Red Hat Bugzilla – Bug 1462121
[GNFS+EC] Unable to release the lock when the other client tries to acquire the lock on the same file
Last modified: 2017-07-19 13:06:26 EDT
Steps to Reproduce:
1.Create a 6 Node gluster
2.Create an EC volume 2 x (4 + 2).Enable GNFS on the volume
3.Mount the volume to 2 clients.
4.Create a file say file1 of 512 bytes from client 1
5.Now take the lock on the same file from client1
6.Try taking the lock on the same file from client2.(Lock will not be granted for client 2 because it is already held by client 1)
7.Now release the lock from client 1
[root@dhcp37-192 home]# ./a.out /mnt/disperse/file1
opened; hit Enter to lock...
locked; hit Enter to write...
locked; hit Enter to unlock...
[root@dhcp37-142 home]# ./a.out /mnt/disperse1/file1
opened; hit Enter to lock...
It unable to release the lock from file and gets hang
It should able to release the lock from client1
REVIEW: https://review.gluster.org/17556 (cluster/ec: lk shouldn't be a transaction) posted (#1) for review on release-3.11 by Pranith Kumar Karampuri (email@example.com)

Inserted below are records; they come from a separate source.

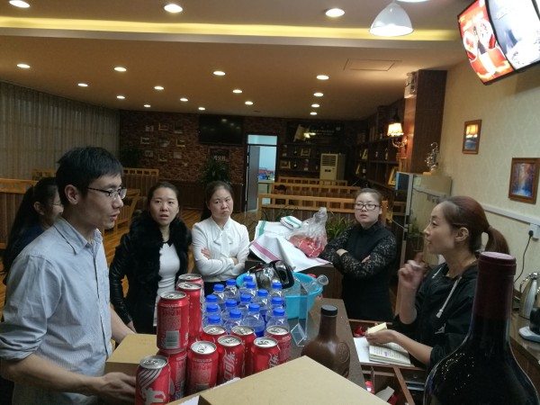 三、咖啡專業(yè)知識的再次加強:在忙碌了一天后,大家并沒有早早休息,特聘專業(yè)咖啡師為大家講解咖啡制作流程和手法的重要性;對牛奶、咖啡豆等配料進行了細致的分辨,并討論接待人員的著裝、站位、以及餐具的擺放位置等工作細節(jié)。
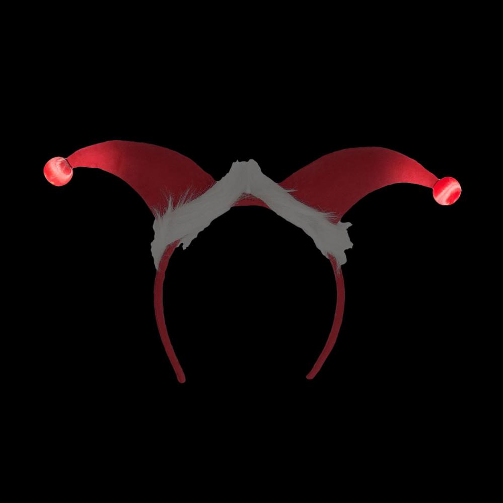Juldiadem med Uppstickande Tomteluvor omfattar ett rött diadem med två uppstickande tomteluvor i rött med vit pälskant.
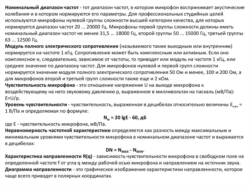 Основные параметры микрофонов: номинальный диапазон частот, модуль полного

COMMIT: https://review.gluster.org/17556 committed in release-3.11 by Shyamsundar Ranganathan (firstname.lastname@example.org)

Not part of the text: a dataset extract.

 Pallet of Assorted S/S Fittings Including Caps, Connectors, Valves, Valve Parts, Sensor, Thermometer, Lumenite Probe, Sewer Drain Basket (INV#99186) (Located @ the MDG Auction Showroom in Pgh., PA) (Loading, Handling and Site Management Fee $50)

Author: Pranith Kumar K <email@example.com>
Date: Tue Jun 13 23:35:40 2017 +0530
cluster/ec: lk shouldn't be a transaction
When application sends a blocking lock, the lk fop actually waits under
inodelk. This can lead to a dead-lock.
1) Let's say app-1 takes exculsive-fcntl-lock on the file
2) app-2 attempts an exclusive-fcntl-lock on the file which goes to blocking
stage note: app-2 is blocked inside transaction which holds an inode-lock
3) app-1 tries to perform write which needs inode-lock so it gets blocked on
app-2 to unlock inodelk and app-2 is blocked on app-1 to unlock fcntl-lock
Correct way to fix this issue and make fcntl locks perform well would be to
2-phase locking for fcntl lock:
1) Implement a try-lock phase where locks xlator will not merge lk call with
existing calls until a commit-lock phase.
2) If in try-lock phase we get quorum number of success without any EAGAIN
error, then send a commit-lock which will merge locks.
3) In case there are any errors, unlock should just delete the lock-object
which was tried earlier and shouldn't touch the committed locks.
Unfortunately this is a sizeable feature and need to be thought through for any
corner cases. Until then remove transaction from lk call.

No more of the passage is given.